TROTA is a personal running analytics app. Think of it as a lightweight, self-hosted alternative to the analytics features you’d find in Strava or Garmin Connect — but focused specifically on the things I care about as a runner.

The stack is FastAPI (Python) on the backend, React on the frontend, and SQLite for storage. Nothing fancy. The interesting part is how it was built.

Built by AI Workers

Most of TROTA was built by autonomous Claude Code workers running on my dev server. I’d write up a task description, point a worker at it, and come back later to review the results. Six phases of development, each one handled by a worker session running in tmux.
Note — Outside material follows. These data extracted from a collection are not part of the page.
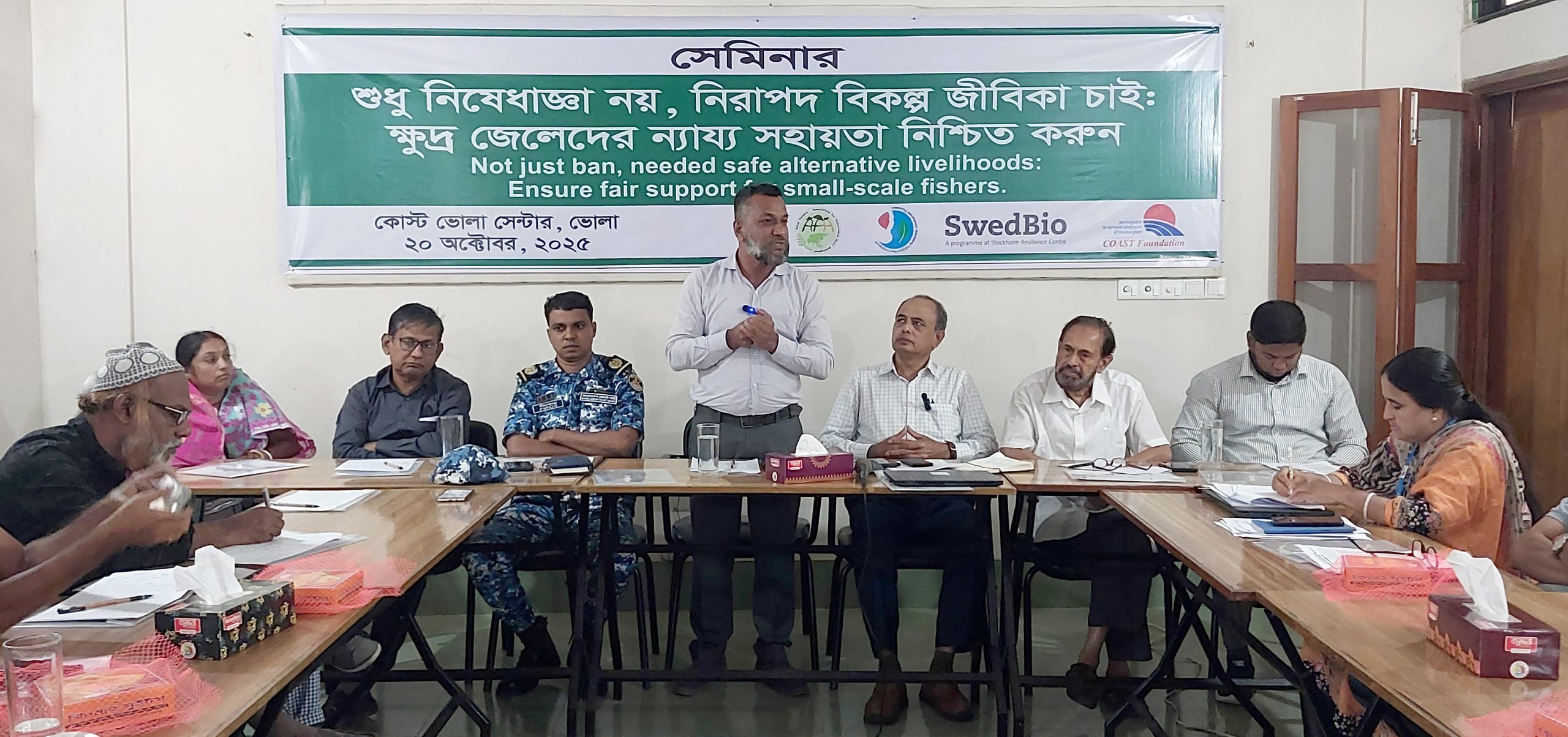 মোসাম্মাৎ রাশিদা বেগম, প্রকল্প সমন্বয়কারী, জিসিএ (GCA) প্রকল্প, কোস্ট ফাউন্ডেশন, মূল প্রবন্ধ উপস্থাপন করেন। তিনি জানান, ভোলার নিবন্ধিত জেলেদের প্রায় ৬০% প্রতিবছর নিষেধাজ্ঞার সময় ২-৩ মাস আয়হীন অবস্থায় থাকে।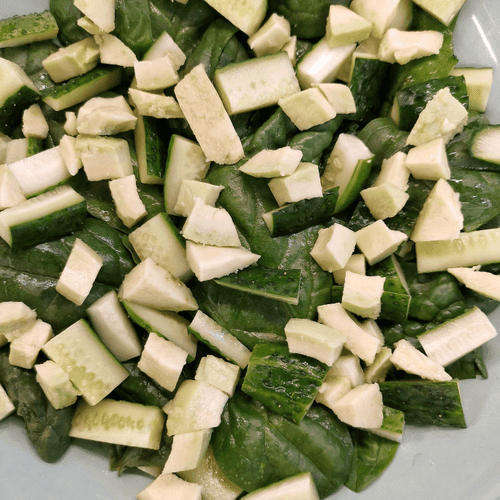 Place cucumbers with avocado on the spinach.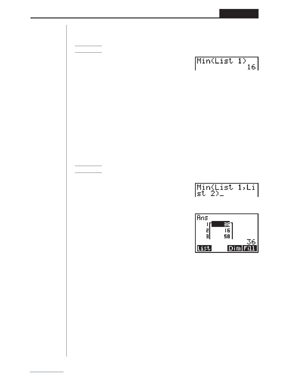 Example To find the minimum value in List 1 (36, 16, 58, 46, 56)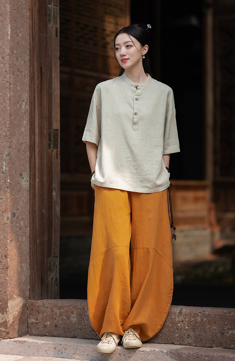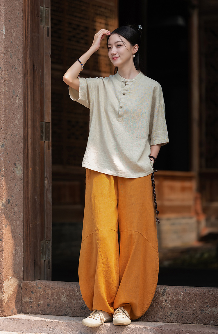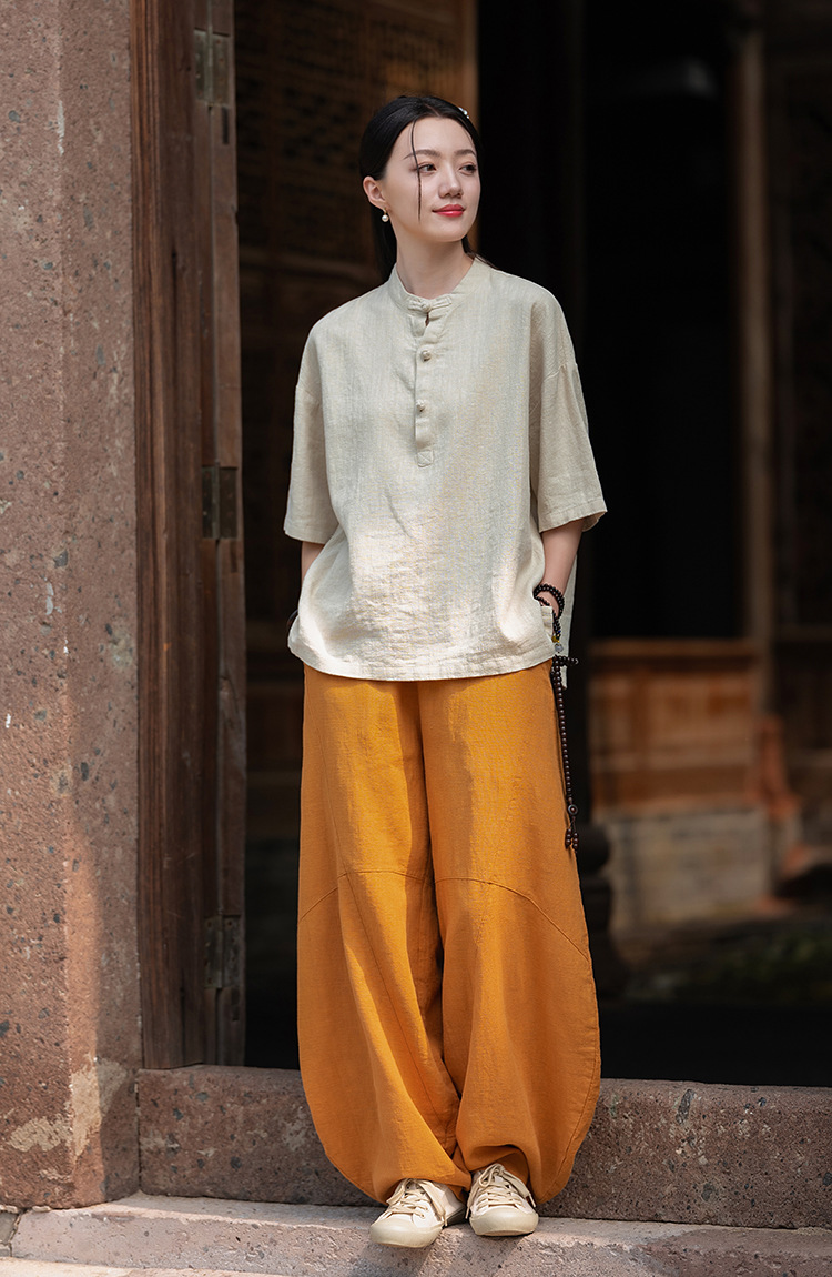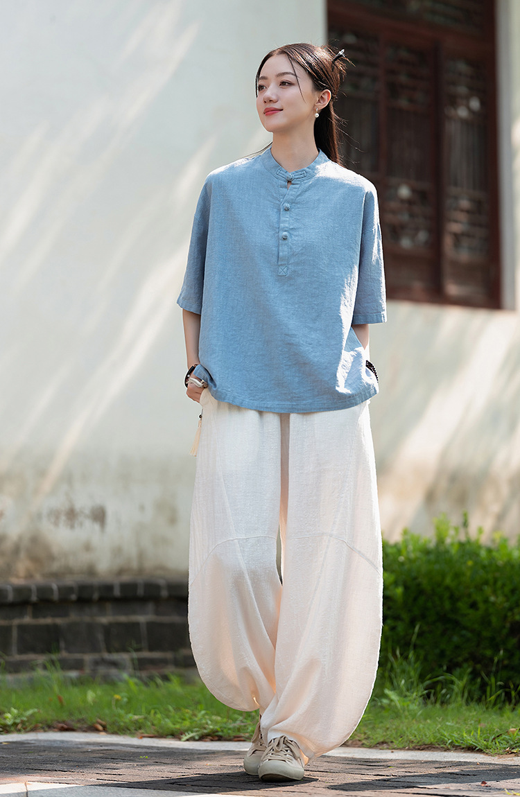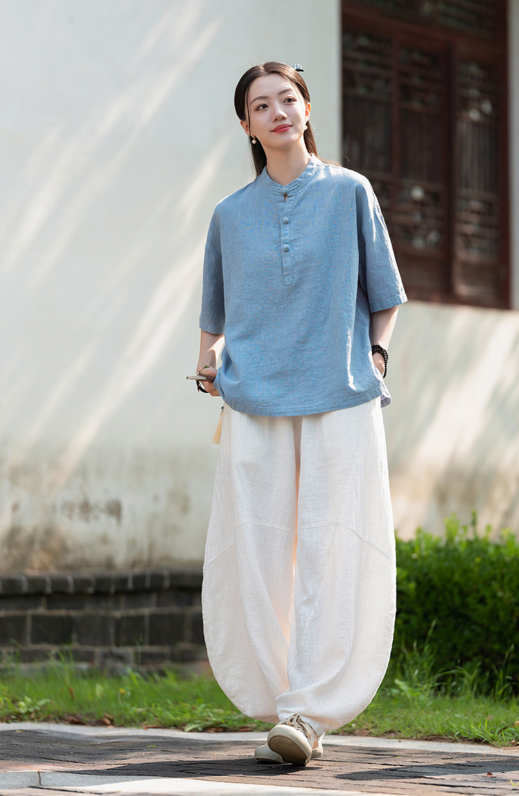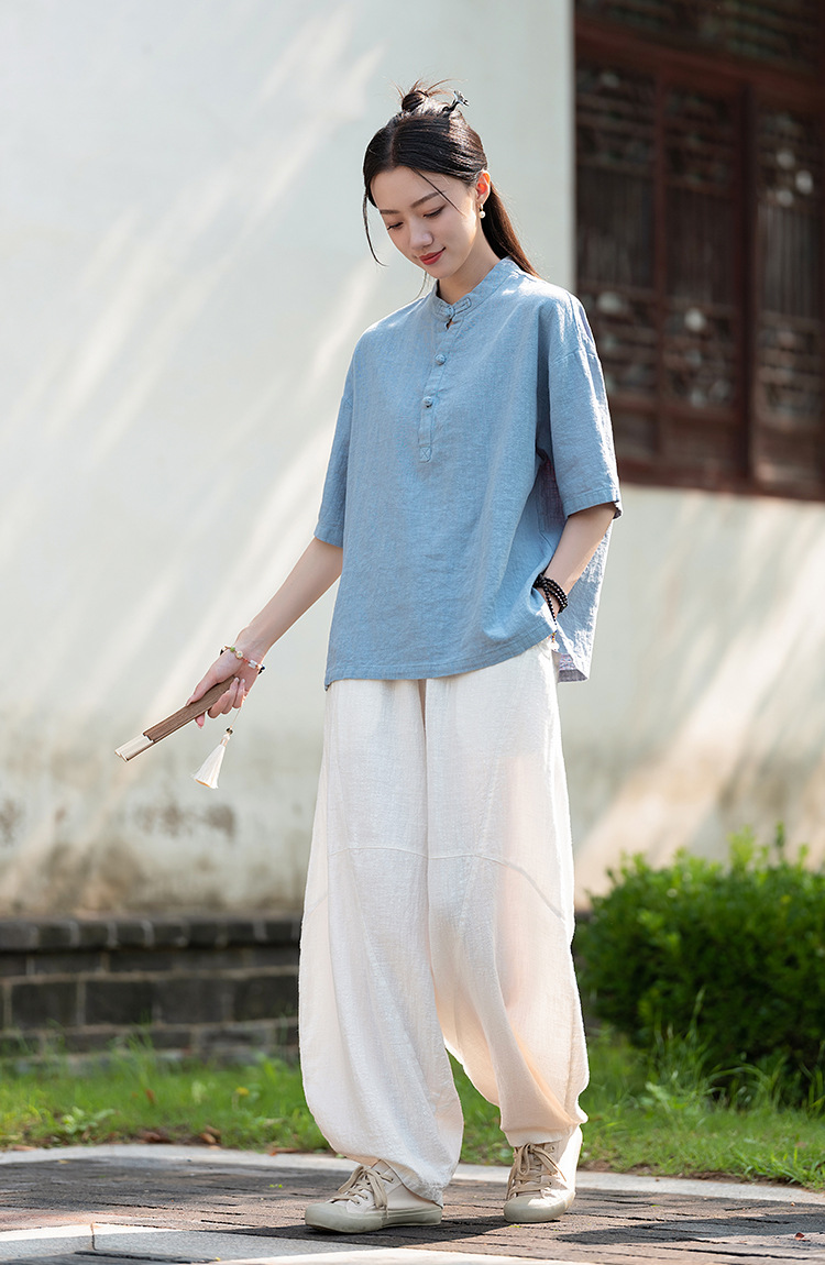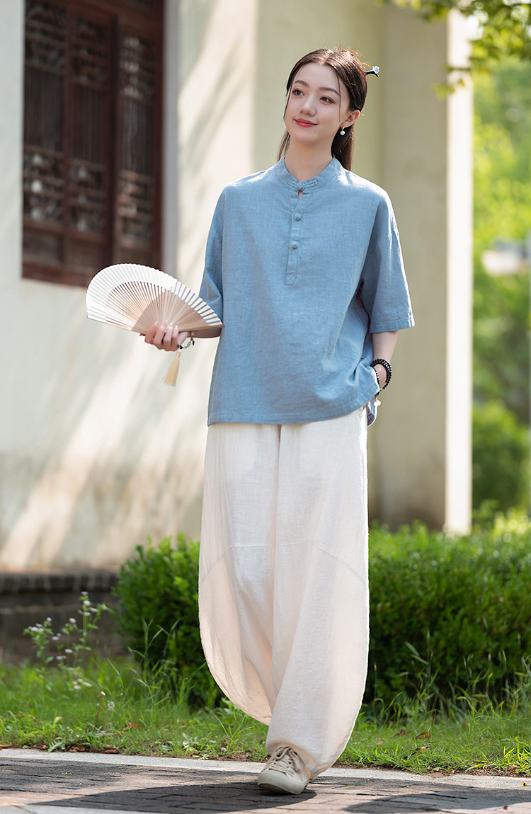 25 오리지널 코튼 및 린넨 여성용 모시 중국 스타일 복고풍 버튼 반팔 탑 여성용 선 스트리트 워시 코튼 및 린넨 셔츠스토어 가기

The workflow looked something like this:

  1. I write what I want in a TASKS.md file
  2. A worker picks it up and starts coding
  3. It updates PROGRESS.md as it goes
  4. I review, give feedback, assign next batch

It’s not magic — I still had to course-correct, review code, and occasionally step in for architectural decisions. But the grunt work? That was all the workers.

What It Does

Garmin Sync — Connects to your Garmin account and pulls activity data. GPX tracks, heart rate, elevation, the works. No manual file uploads needed.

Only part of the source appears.